Guardian chief exec Miller rejects metered paywall model and says no more redundancies planned

Uniquely among UK national newspaper publishers, Guardian News and Media has avoided compulsory redundancies.

And speaking in the wake of annual results which revealed a sharp reduction in losses, chief executive Andrew Miller said there are no plans for any more job cuts - voluntary or otherwise.

Last year GNM sought to cut up to 100 out of 650 journalists. But in February it agreed a deal whereby 58 journalists (50 full-time equivalent positions) took redundancy and the NUJ agreed to find other ways to cut £7m from the annual editorial budget.

Miller tells Press Gazette: “We never set about saying it was a fixed number of people –  it was about a pound note saving, which we have achieved by looking at contributors and other areas.

“At this point there are no plans for future redundancies in editorial. The cost base will remain under pressure and the largest cost in this organisation is people, both editorial and commercial, so you have to monitor it all the time.”

GNM’s results for the year to the end of March show a sharp reduction in operating losses to £30.9m, from £44.2m a year ago, on turnover flat year on year at £196.3m.

Digital revenue increased by 28.9 per cent to £55.9m and outpaced print decline.

In May, Guardian.co.uk was the second biggest national newspaper website in the UK with 4.7m unique browsers a day worldwide (according to ABC). Daily print sales in the same month were down 10.4 per cent year on year to 192,000.

Miller said the latest GNM results were “extremely significant” in the context of a five-year-plan to turn around The Guardian’s finances. In the four years up to (but not including) 2012/2013 GNM made total operating losses of £157.1m.

Miller says: “The thing I am most pleased about is the growth in digital revenue. It’s the third consecutive strong year of digital revenue growth. And we are seeing strong growth so far in the first quarter of this financial year.”

“It is a significant set of results in the context of where we have come from and the context of the industry.”

He adds: “There are certainly green shoots.”

That extra digital revenue comes from a combination of display advertising and sponsorship, up £7m to £25m; subscriptions, e-commerce and other revenue up £2m to £15m and recruitment up £4m to £16m.

In April, Telegraph.co.uk became the latest news website to go behind a metered paywall. By setting the pay point at 20 articles per month, the meter appears to have had little effect on overall website traffic – with one media analyst saying he could see "no downside" to the policy.

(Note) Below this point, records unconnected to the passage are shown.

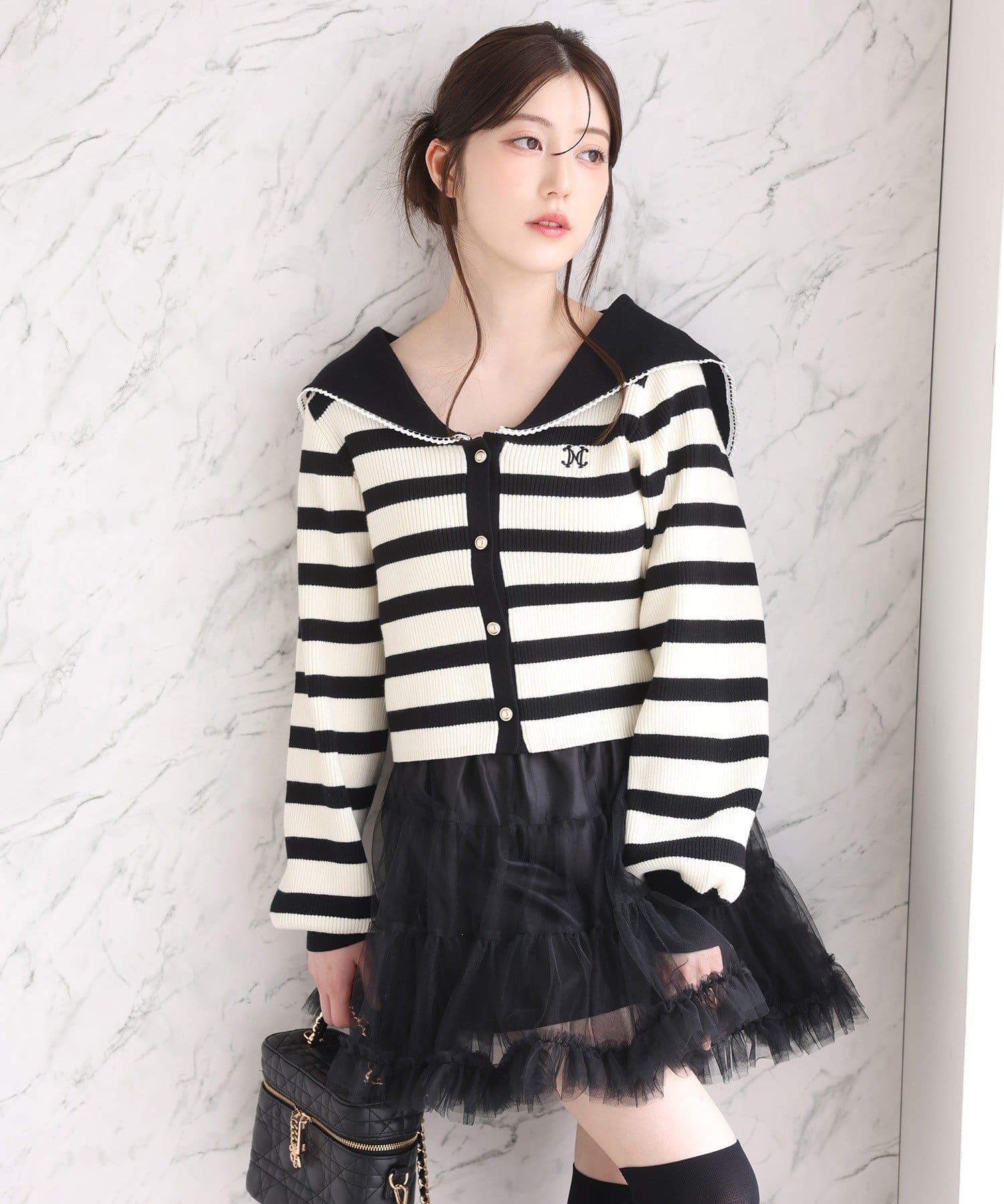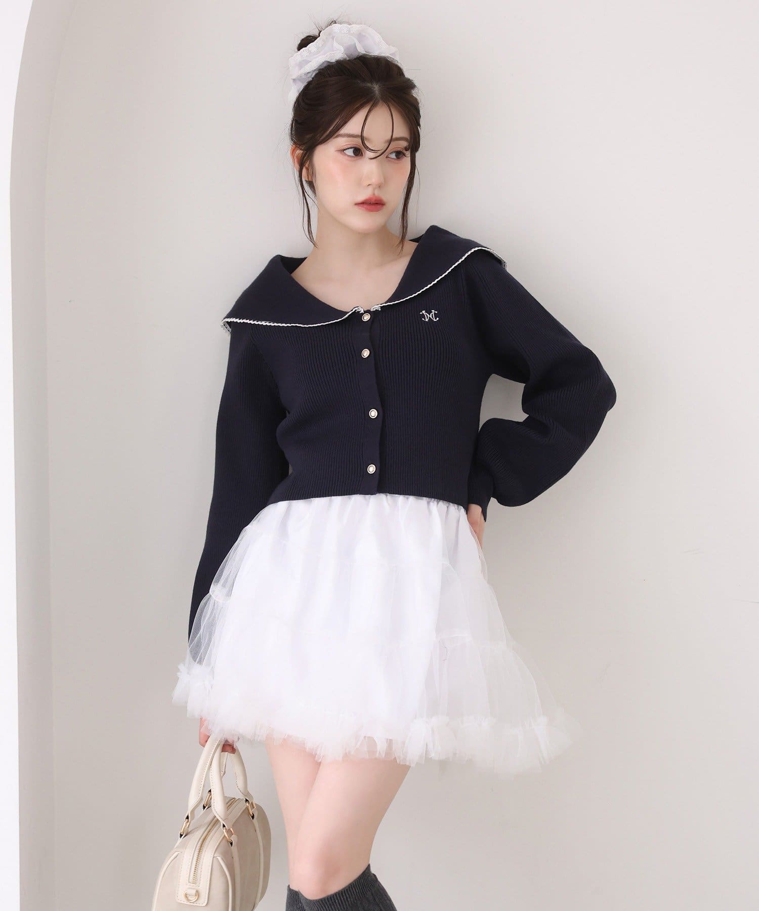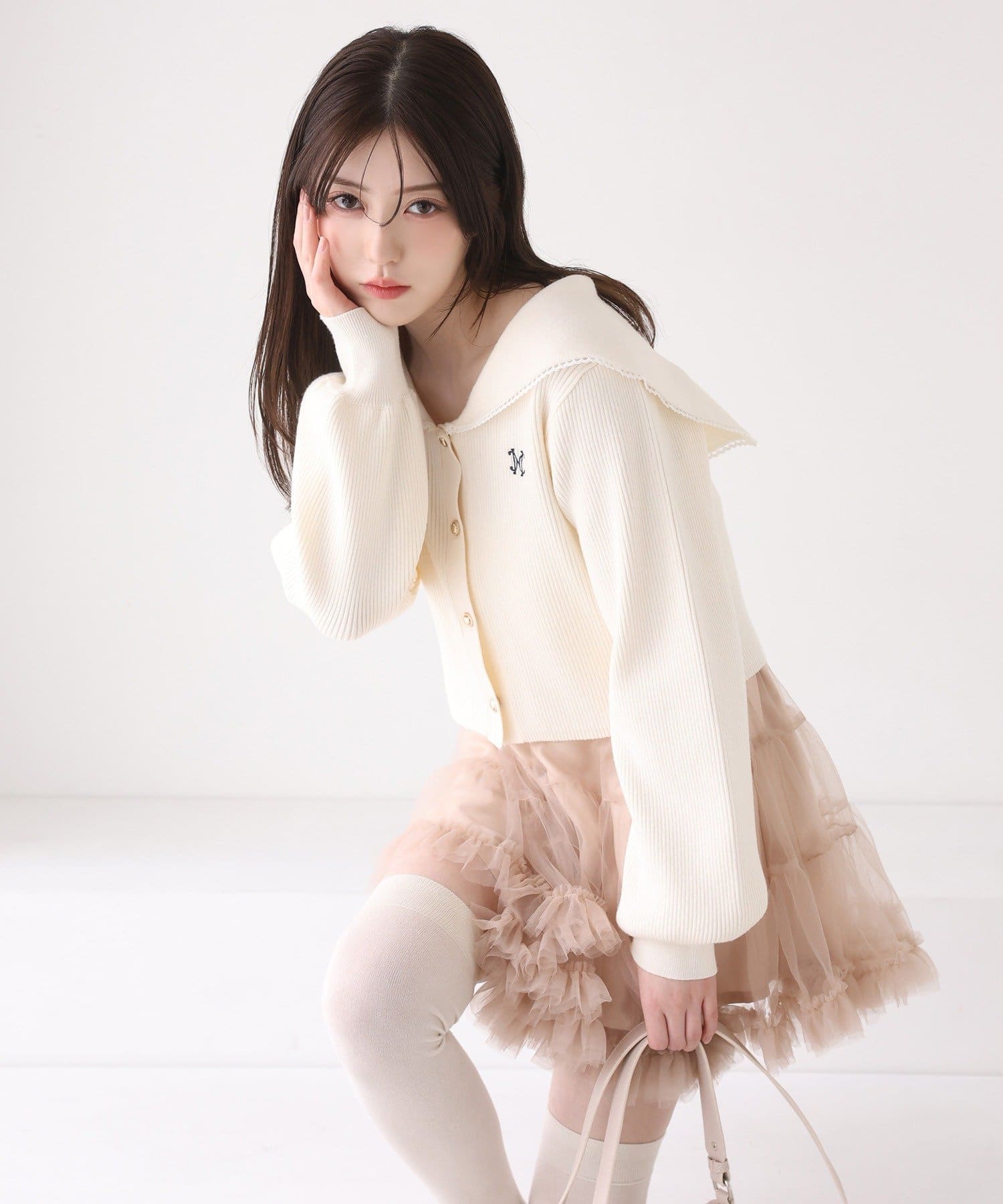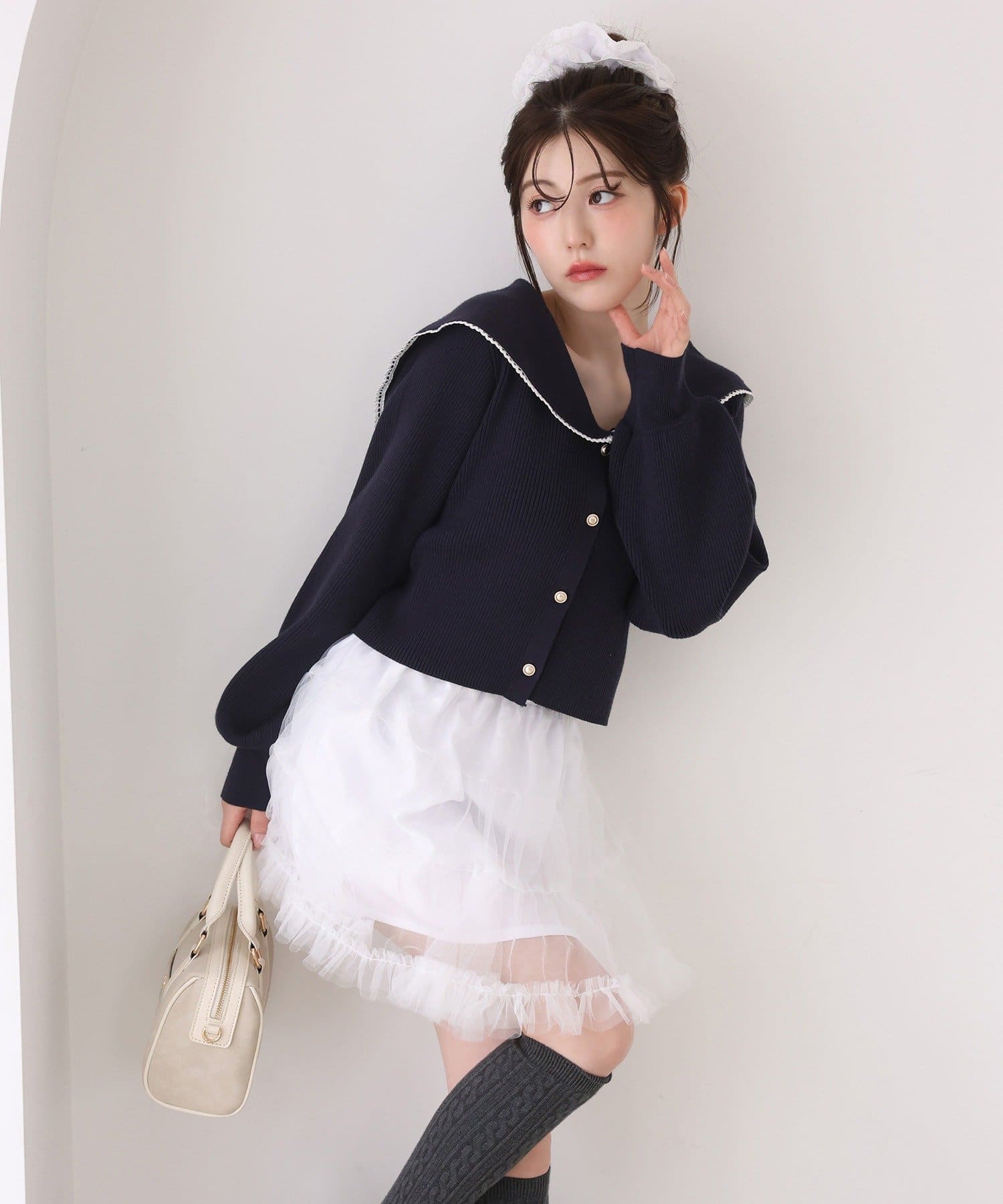 ショート丈ニットを合わせて王道ガーリーコーデに♡
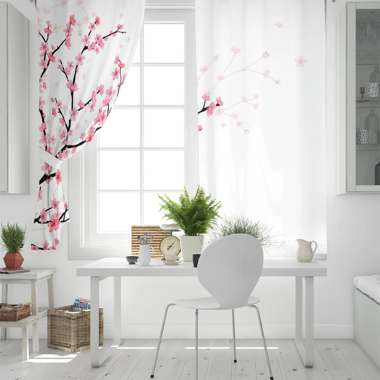 Шторы кухонные весенние с цветами вишни, занавески для спальни, предметы для дома, для гостиной
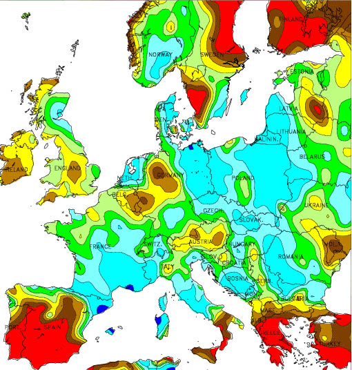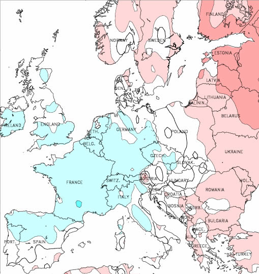 Écart aux normales des températures et précipitations pour l'Europe occidentale.
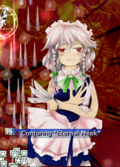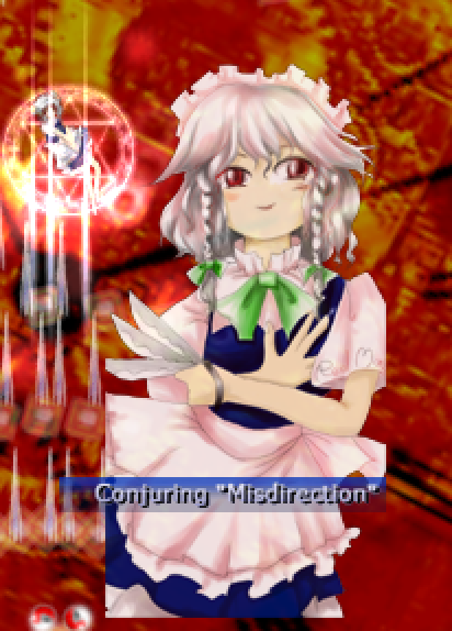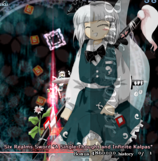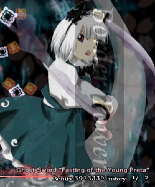 One of my new favourite details: in Embodiment Of Scarlet Devil, Sakuya's spell card splash portrait in stage 5 is replaced with an uglier, angrier portrait when she returns in stage 6. This detail reappears in Perfect Cherry Blossom with Youmu, but the situation is reversed.
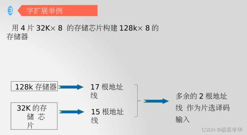 以这题目为例子,用32K x 8到128K x 8,然后32K->128K,215->217,增加了两位,所以上图的A16-15才会指向上面,这两位就是新增给编译器的,就是编译器中的2的来源,然后这4就是扩展了4倍,
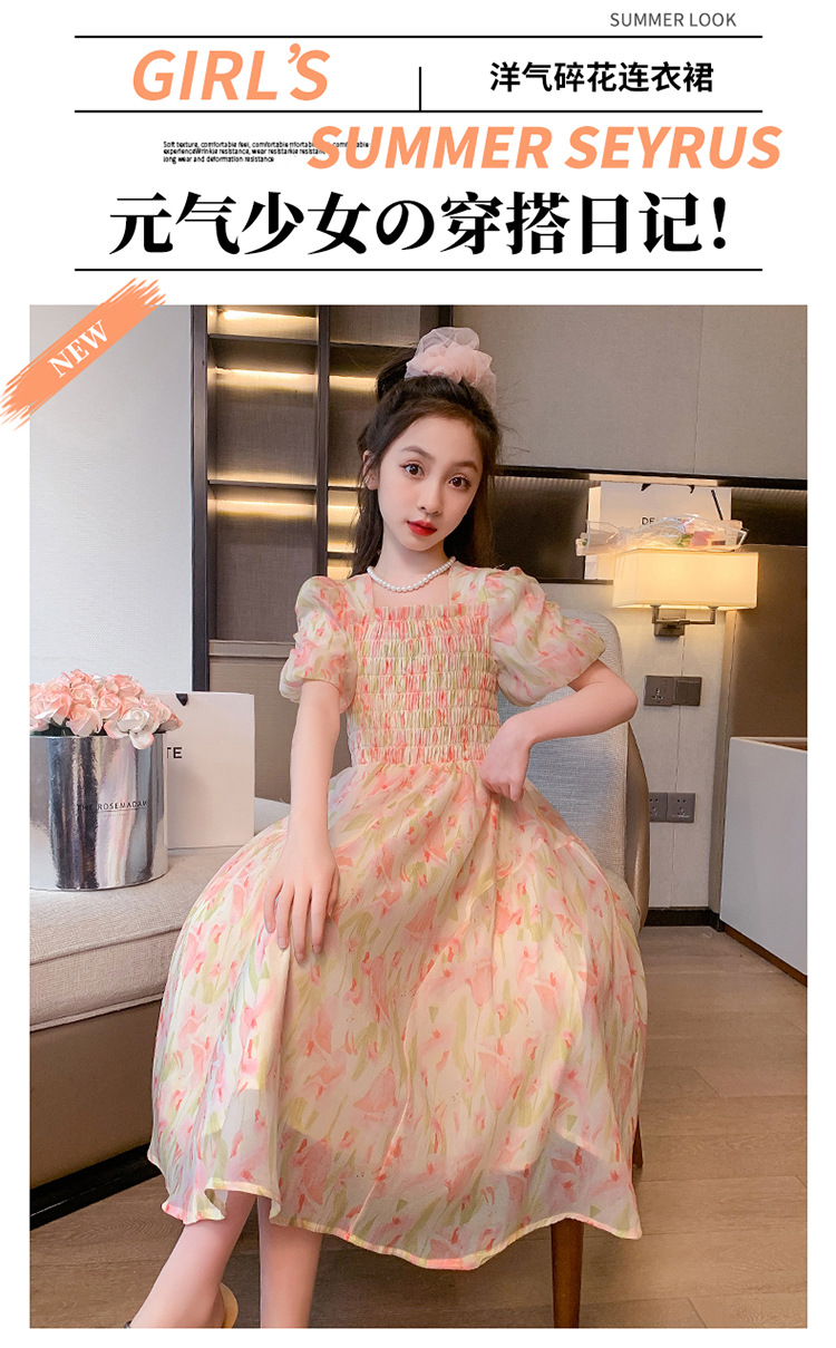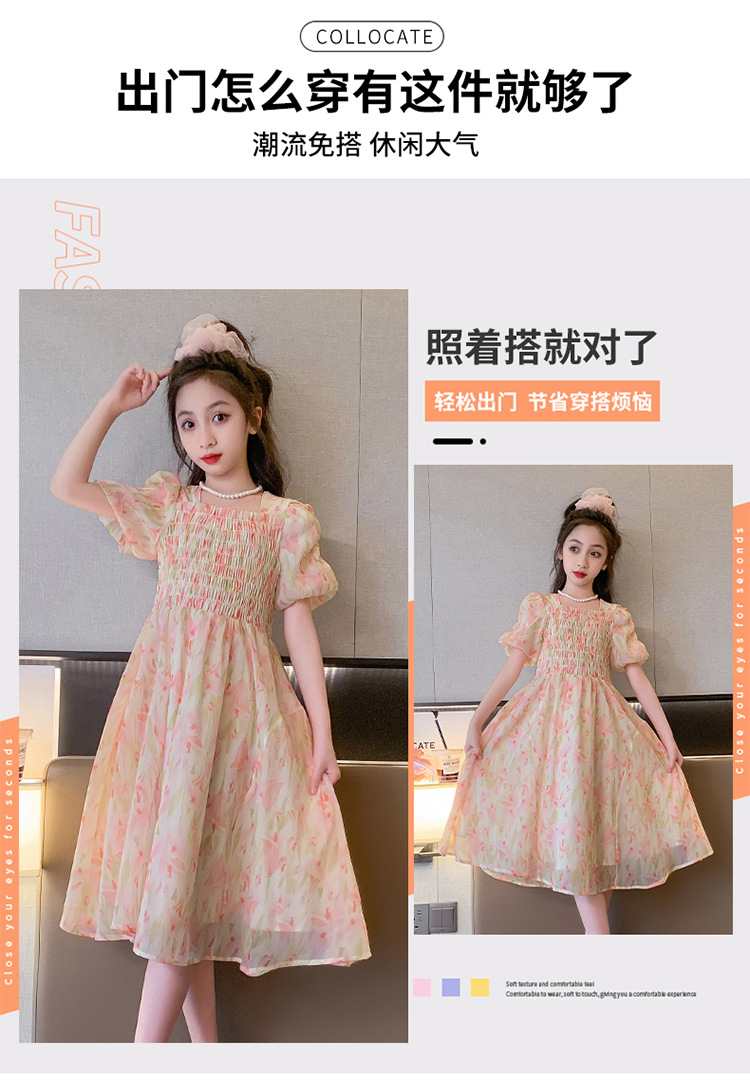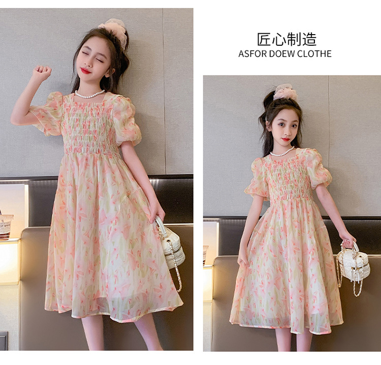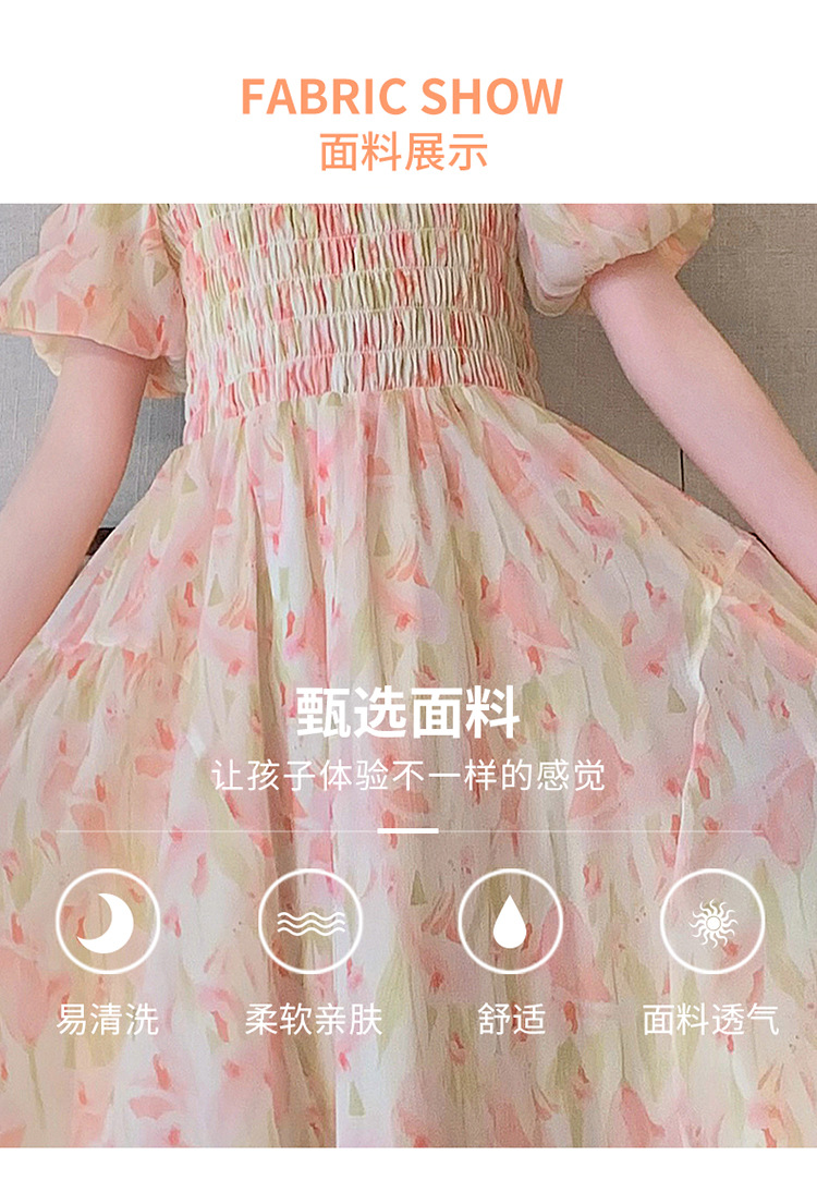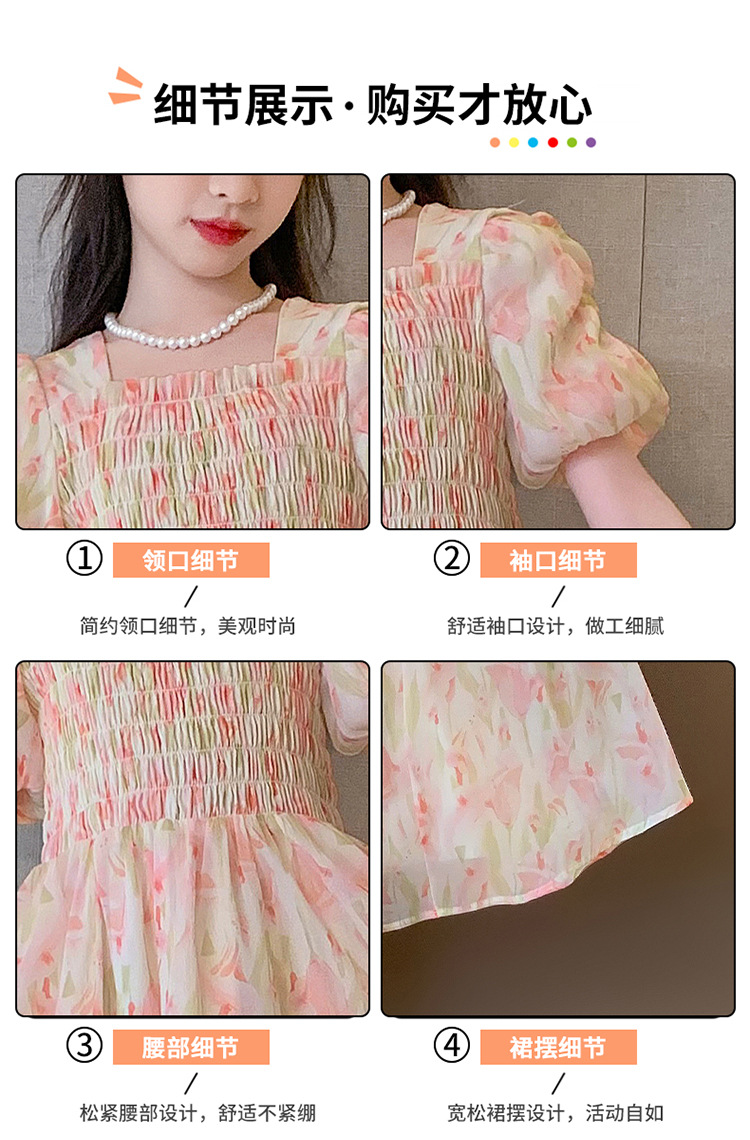 【洋气碎花休闲连衣裙,甜美舒适】休闲出街潮流免搭配休闲大气,宽松裙摆设计活动自如,松紧腰部设计舒适不紧绷女童连衣裙,夏装洋气 儿童韩版网红中大童夏季短袖公主裙子-QQ

Miller doesn’t rule out charging more readers to read Guardian digital content (the title already has 23,000 paying iPad readers and 57,000 paid-for iPhone app users). But a metered paywall is not on the agenda.

He says: “Metered paywalls are very interesting. We always monitor the paywall situation. We recognise at some point we will need to get revenue directly from readers in the digital environment but we don’t believe that is through a metered paywall.

“With £55m of revenue, anything that closes that off - I would be worried.”

While losses of £30.9m remain significant, The Guardian is not in any immediate danger of running out of cash. Last year it sold GMG Radio for a reported sum of £70m,  helping it increase cash and investment reserves from £225.8m to £253.7m.

GMG also owns 50.1 per cent of Trader Media Group and 32.9 per cent of Top Right Group which together may provide a windfall when they are sold (GMG’s share of profits for the pair totalled £73m last year but that money is ring-fenced to pay down debt).

What is a sustainable loss for GNM and could The Guardan ever break even financially?

“I don’t think I’ve ever given an absolute number about what we think the right level of loss is but I can assure you we will continue to reduce the losses and continue working our way through it. We have to keep reducing our losses.

“The way to reduce them is by investing in digital rather than purely cutting costs. It’s about investment to growth.”

And what about the wider picture for the media and those “green shoots” Miller talked about?

“I’m optimistic about the future for us because we are embracing the digital space and operating on a global basis.

“I don’t’ subscribe to it being a recession. Unfortunately for the sector it is a transition to a new world.

“I saw this very clearly at Auto Trader [where he was chief financial officer for six years before joining GMG in August 2009].

“There was a lot of talk at the beginning when we were neck and neck with Exchange and Mart that it was just purely a recession and we would come back through it. In reality it was a transition of consumption in the way people consumed the product. I really think it is the same here in the news space.

“This is about a transition in the way people consume content in the broadest sense. It’s very important that you embrace that and go where the consumer is going and you don’t fight to retain an old business model.”

Miller says that stories like the revelations from US National Security Agency  whistleblower Ed Snowden, read by 7m people on a single day on the Guardian website in June, show there is a market for quality journalism online.  And he notes NRS figures which suggest The Guardian and Observer’s combined UK print and online readership over the course of a month now stands at 13.2m.

He says: “It’s about embracing where we are going, and embracing opportunity. Good journalism, and very good editing, are in a really strong position – it’s just trying to find the business models that work around it. There will be some, it just takes time to find those models.”